Table 3 – Classification of sampling points based on environmental quality.
The environmental quality results reveal that the dry period in the city of Fortaleza is much more favorable to the health and wellbeing of the population, especially individuals who use public squares and walkways, as the most of sampling points had excellent environmental quality in this period. The second semester of the year (dry period) in Fortaleza has high wind speeds and lower relative humidity compared to the first semester, which assists in improving the environmental quality, especially in terms of air quality and thermal comfort.
P1 and P5 were the only sampling points not to have a classification of “excellent” in either season and, therefore, had the worst environmental quality in the present study. In contrast, P3 and P4 were the only sampling points not to have a classification of “poor” in either season and, therefore, had the best environmental quality in the study.
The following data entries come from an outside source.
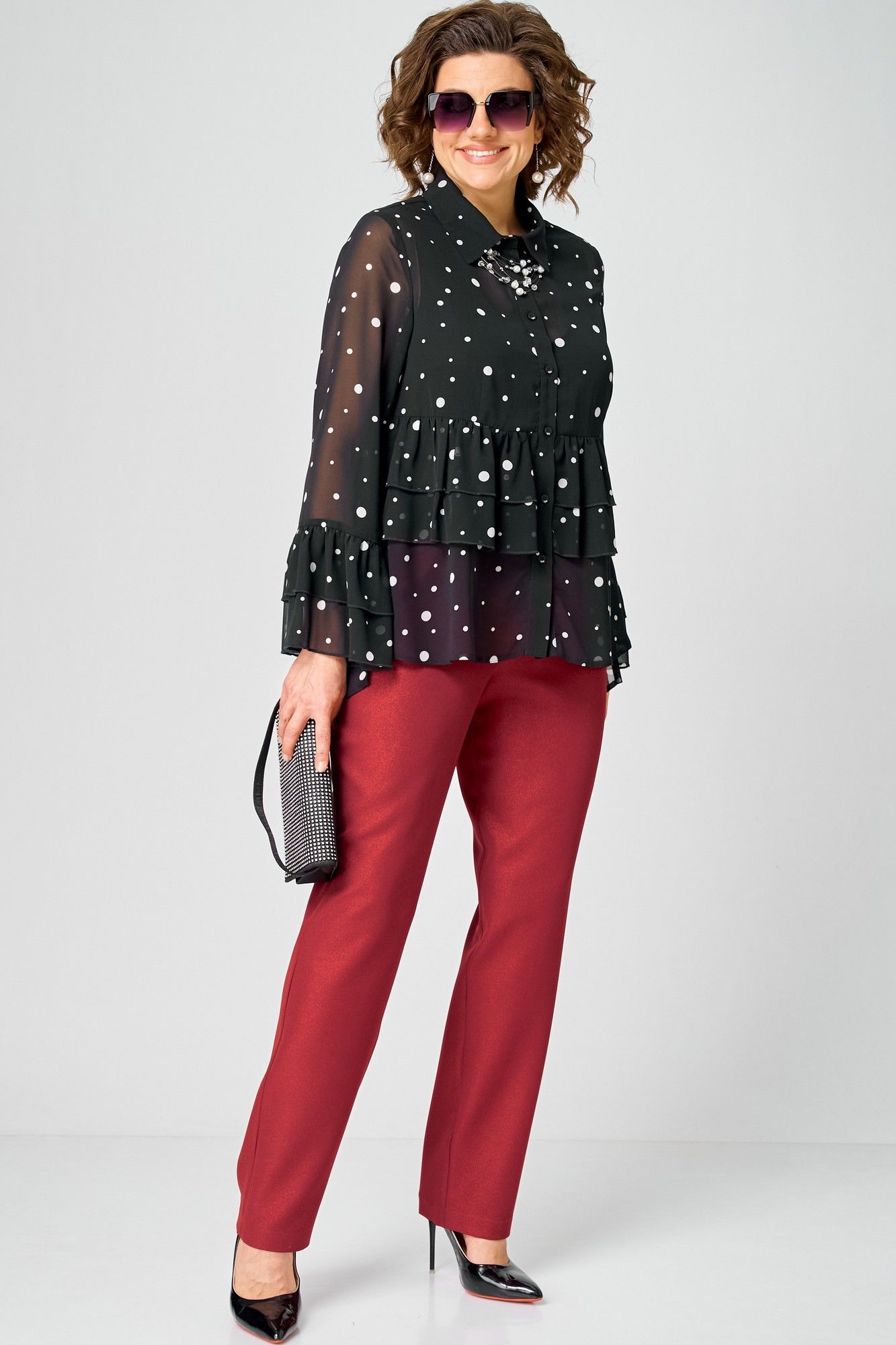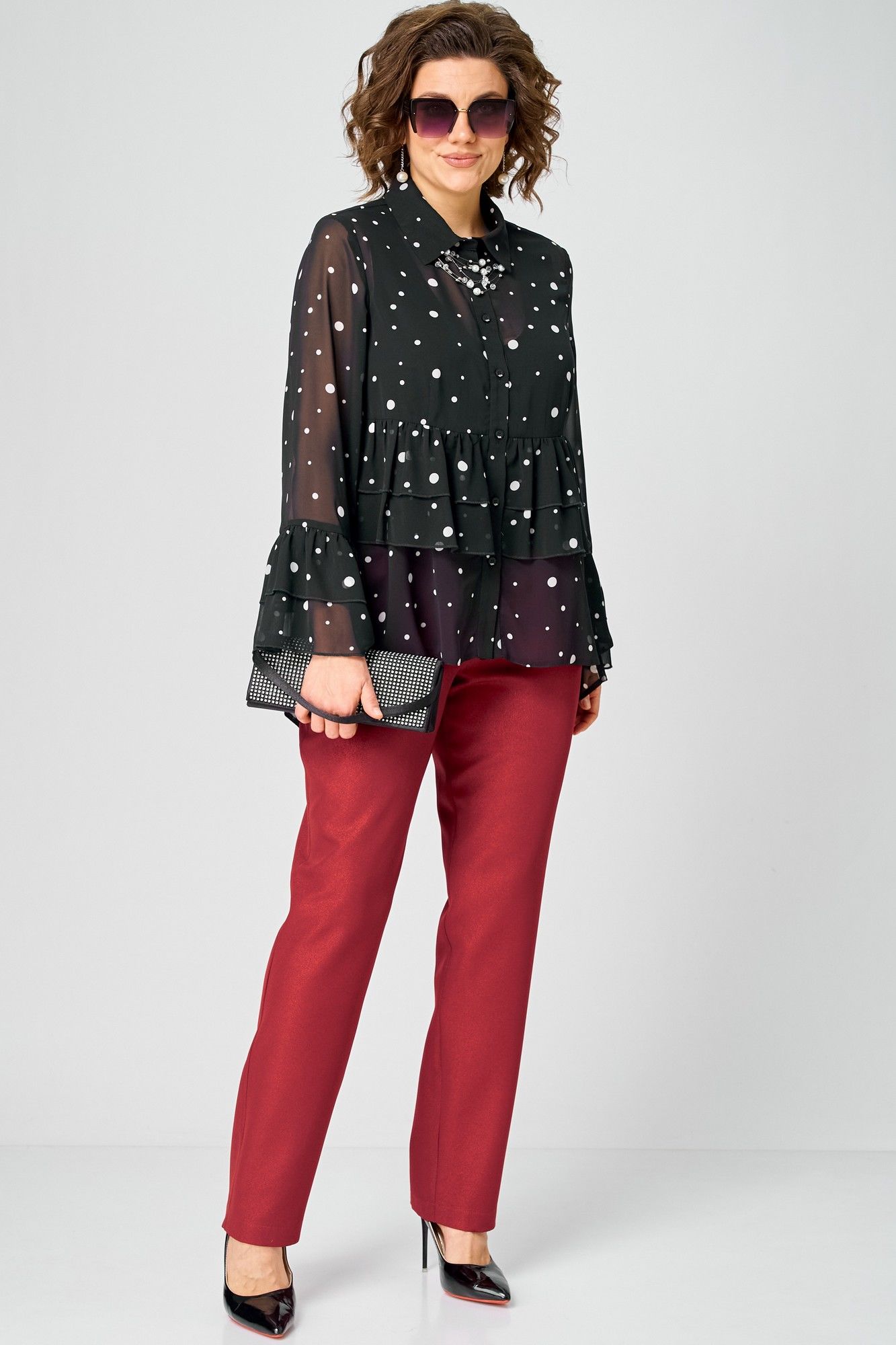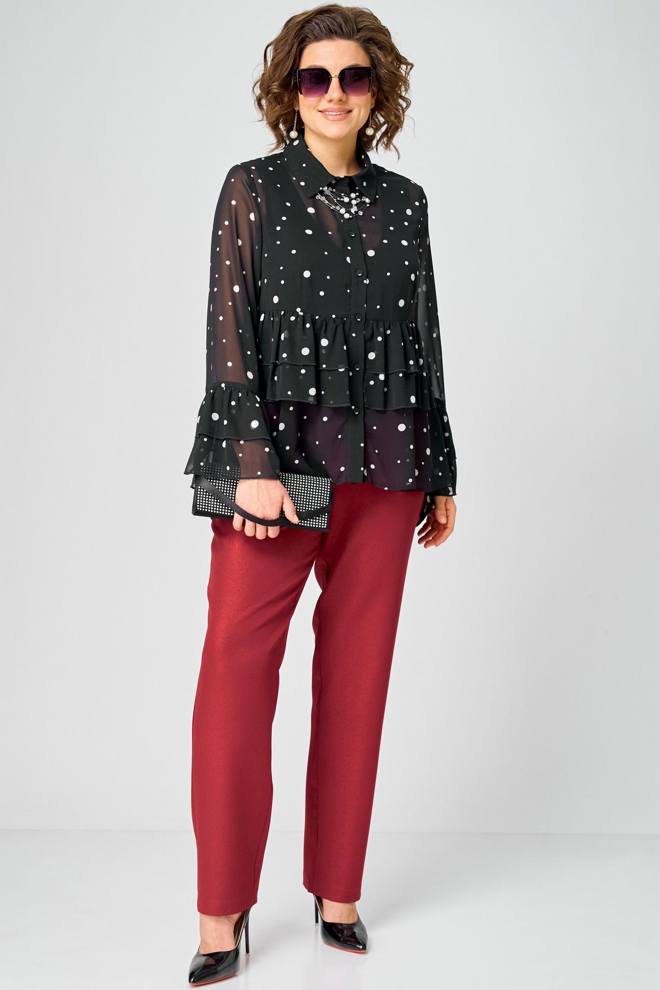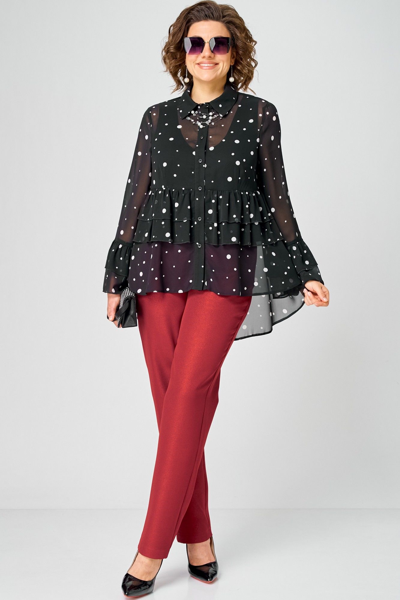 Блуза женская шикарная нарядно - повседневнаая полуприлегающего силуэта на подклдке, выполнена из красивого шифона с принтом. Вырез горловины воротник на стойке рубашечного типа, рукав втачной по низу с притачными воланми. Застежка доверху на обметанные петли и пуговицы, низ блузы фигурный (по спинке длиннее). По переду блузы притачные воланы, в боковых швах обработаны разрезы. Декором блузы служит принт амой ткани и отделочные элементы в виде воланов.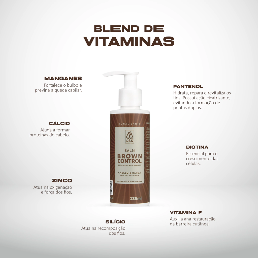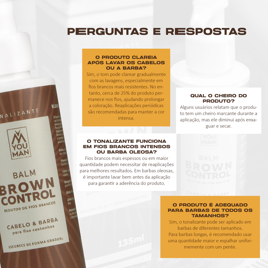 O Brown Control é um balm tonalizante, que escurece os fios brancos de forma gradual, proporcionando uma aparência natural e rejuvenescida a cada uso. E o melhor: você tem total controle sobre o nível de escurecimento que deseja. Quanto mais usar, mais escuros os fios ficam. Serve para cabelo e também para barba.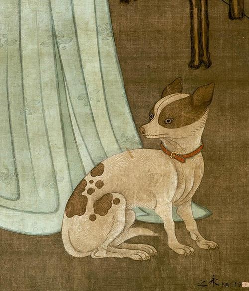 《春闺倦读图》中的小狗
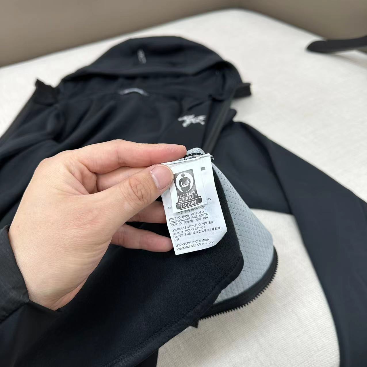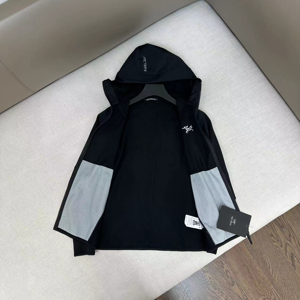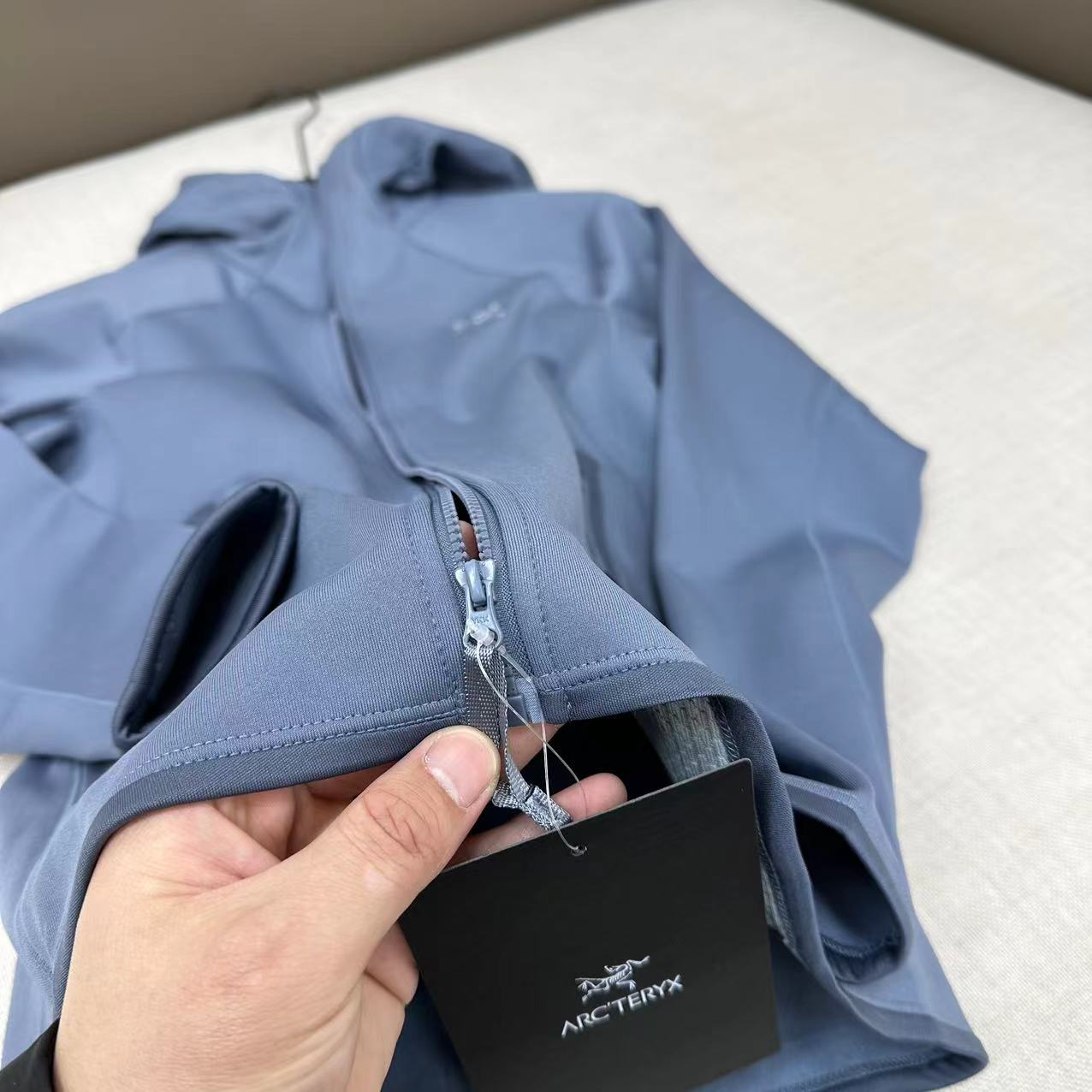 这款衣服是AAAAA 1:1 质量 (非常棒). 使用了和原版一模一样的材料. 商标部分也保持了和ARC'TERYX一样. 图片拍摄是实物衣服拍摄, 您所收到的实物保证和我们图片一模一样.

One factor that may have contributed to the excellent/good environmental quality at P3 and P4 was the considerable vegetation found at the locations. Previous studies conducted by Gomes & Soares (2003), Rocha et al. (2004), Lima Neto et al. (2007), Shams et al. (2009), Freitas et al. (2015) and Rocha et al. (2016) demonstrated the effect of vegetation on minimizing air pollution by gases and particles, attenuating noise levels and improving local thermal comfort by the capacity to increase humidity and lower the temperature. However, vegetation is not always associated with an improvement in air quality; depending on the positioning of the plant cover, gases and particles may be trapped, contributing to atmospheric pollution. Thus, a study is needed prior to the placement of plants in an area.